クレプトマニアで家族のサポートが得られる方は、早期に釈放される余地も十分にあります。釈放されれば、「20日以内に起訴」といった厳格なルールはありませんので、逮捕・勾留された場合よりも、刑事手続の進みは遅くなります。

 

そのため、検挙時点では5年以内でも、判決の時点では5年を経過していることも考えられます。執行猶予の可能性を少しでも上げるという観点からも、早期釈放は重要です。

早期釈放を実現する

執行猶予をとるための2つのステップ

 

常習累犯窃盗と累犯加重

累犯とは、次の3つの要件にあてはまる場合をいいます。

 

【要件】

① 以前に懲役の実刑判決を受け刑務所に入っていたこと

② 刑期を終えた日から5年以内に新たに罪を犯したこと

③ 新たな罪の判決が有期の懲役刑であること

 

累犯にあたると法定刑の長期のみ2倍となり、その枠のなかで実際の刑が決まります。実際の刑が2倍になるわけではありませんが、枠の上限が2倍になりますので、連動する形で刑もかなり重くなってしまいます。

累犯とは?累犯加重や執行猶予との関係について

 

常習累犯窃盗にも「犯罪行為の時点から過去10年以内に窃盗(未遂)罪で3回以上、懲役6カ月以上の刑を受けて刑務所に入ったこと」という要件があります。

 

起訴された窃盗について、常習累犯窃盗の要件と累犯の要件の両方に該当することがあります。

 

その場合は、常習累犯窃盗にも累犯が適用されます。常習累犯窃盗は懲役3年~20年ですから、長期を2倍にすると懲役40年になります。ただ、刑法で懲役刑の上限は30年とされていますので、懲役3年~30年という枠の中で実際の刑罰が決まることになります。

 

クレプトマニアは「常習」累犯窃盗ではない?

常習累犯窃盗の「常習性」とは、被告人が窃盗を安易に反復して行う習癖があり、検挙された窃盗がそのような習癖の発現としてなされたことをいいます。

 

常習累犯窃盗の裁判で、被告人がクレプトマニアであること等を理由として、常習性が否定され、通常の窃盗罪で裁かれたケースがあります(高知地裁平成31年1月24日)。

 

この裁判の判決は、被告人が窃盗を成功させるために合理的な行動をしているとして完全責任能力を認めましたが、常習性については、「被告人はクレプトマニア等の精神障害によって、衝動をコントロールすることができずに窃盗に及んだのであり、習癖の発現とはいえない。
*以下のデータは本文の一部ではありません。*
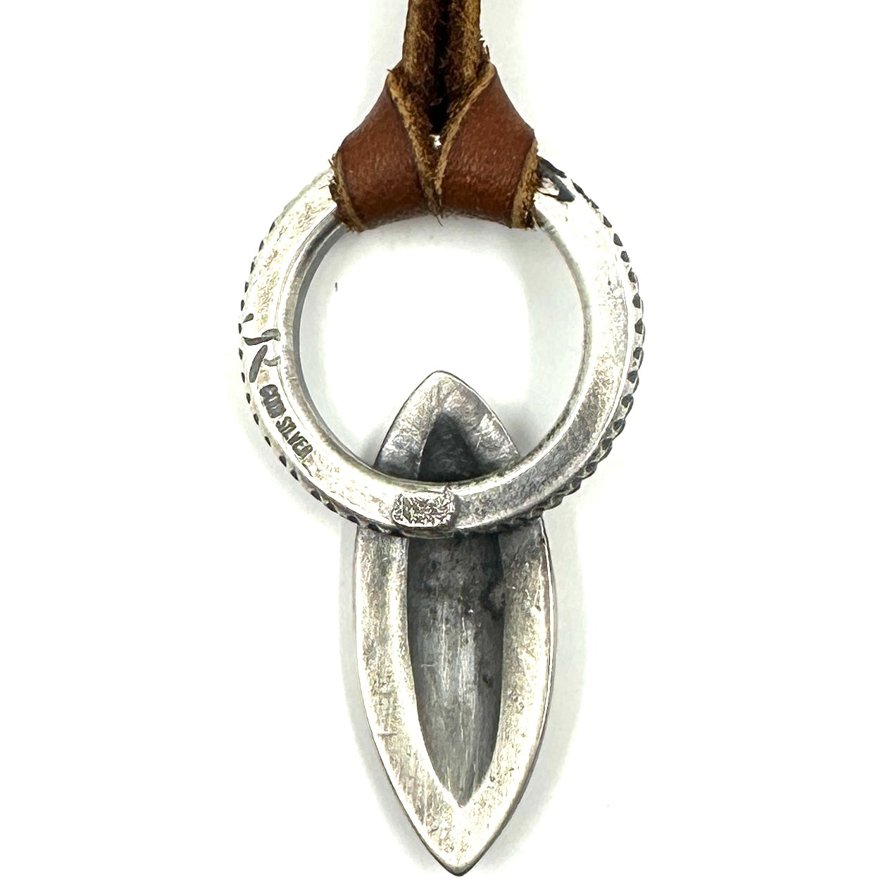 This Thunderbird Pendant has a beautiful Bisbee turquoise stone. This is hand rolled from a coin silver ingot and is strung on hand cut deer lace accented with a silver...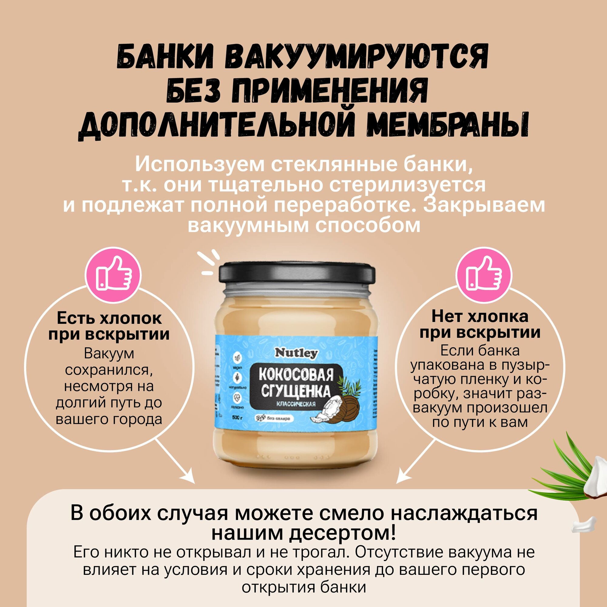 Кокосовая сгущенка "Nutley" без сахара, стеклянная банка, 1 кг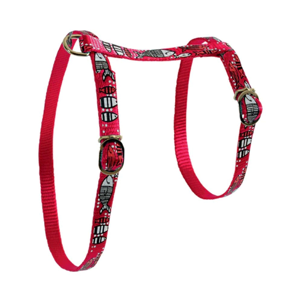 صدرية أنيقة بلون أحمر مع رسمة سمكة لطيفة، مصممة لتعطي القط مظهر مميز مع راحة في الحركة.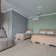 В номере, просторная прихожая с вешалкой. Одна двуспальная кровать, одна односпальная, прикроватные тумбы и светильники, журнальный столик, диван, стулья.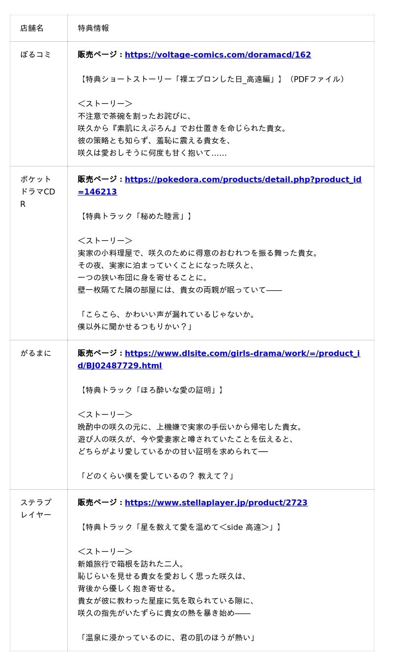 本作の発売を記念し、「ぼるコミ」では期間限定で25%オフとなるキャンペーンを実施しております。また、「DLsiteがるまに」「ポケットドラマCD R」「ステラプレイヤー」では、事前予約いただくと本作が10%オフとなるキャンペーンも実施しております。さらに、各配信ストアごとに購入特典もご用意しておりますので、ぜひご注目ください。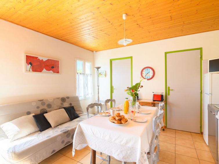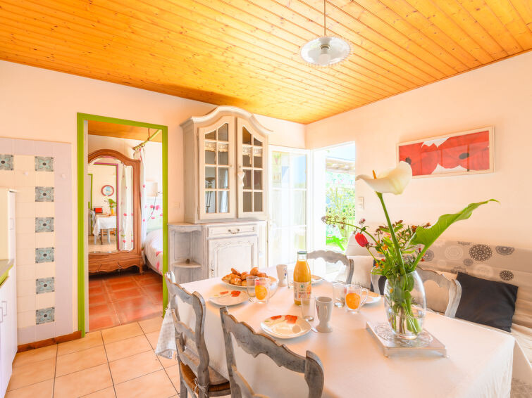 "Coquelicot", huis in een rij 2-kamers 28 m2. Het objekt is geschikt voor 2 volwassenen + 2 kinderen. Mooi ingericht: woon-/eetkamer met 1 2-pers divanbed (125 cm, lengte 190 cm), eethoek, kookhoek en TV (Flatscreen TV). Uitgang naar de tuin, naar het terras. 1 kamer met 2 stapelbedden (80 cm, lengte 190 cm), 1 2-pers bed (140 cm, lengte 190 cm). Kookhoek (4-pits kookplaat, oven, afwasmachine, broodrooster, waterkoker, magnetron, diepvriezer, elektrische koffiemachine). Douche/WC. Elektrische verwarming. Terras, op het zuiden gelegen, prieel. Terrasmeubelen. Ter beschikking: wasmachine, droger, strijkijzer. Internet (WiFi, gratis). Parkeerplaats bij het huis. Maximaal 1 huisdier/hond toegestaan. Privé ingang, rookmelders. Bedindeling is flexibel. Er zijn meer slaapmogelijkheden beschikbaar dan het maximaal toegestane aantal personen dat echter niet mag worden overschreden. Aanbod door een particulier volgens art. 155, IV van CGI.

」として常習性を否定しました。

 

しかし、控訴審は、原判決と同様に完全責任能力があることを前提として、「精神障害の影響を受けつつも被告人の本来の人格によって行われたものということができる。」として常習性を認めました(高松高裁令和1年10月31日)。

 

その後も、一審判決に追随するような判決は出ていないことから、クレプトマニアであることを理由として常習性を否定するのは難しいといえるでしょう。

 

常習累犯窃盗と保釈

保釈には所定の例外事由に当たらない限り認められる権利保釈と裁判官の裁量によって認められる裁量保釈の2つのタイプがあります。

 

権利保釈の例外として、「常習として長期3年以上の懲役・禁固にあたる罪を犯した」という要件がありますが、常習累犯窃盗はこれにあたりますので、権利保釈は認められません。

 

ただ、裁量保釈の余地はあります。裁量保釈が認められるためには特別の事情があることが必要になりますが、クレプトマニアのケースでは、特別の事情として「治療の必要性」をあげることができます。

 

専門のクリニックで治療を受けるためには、本人が釈放されていることが前提となるからです。家族がクリニックに相談にいき、治療プログラムへの申し込み手続きをすませておく等の準備をした上で、弁護士が裁量保釈を請求します。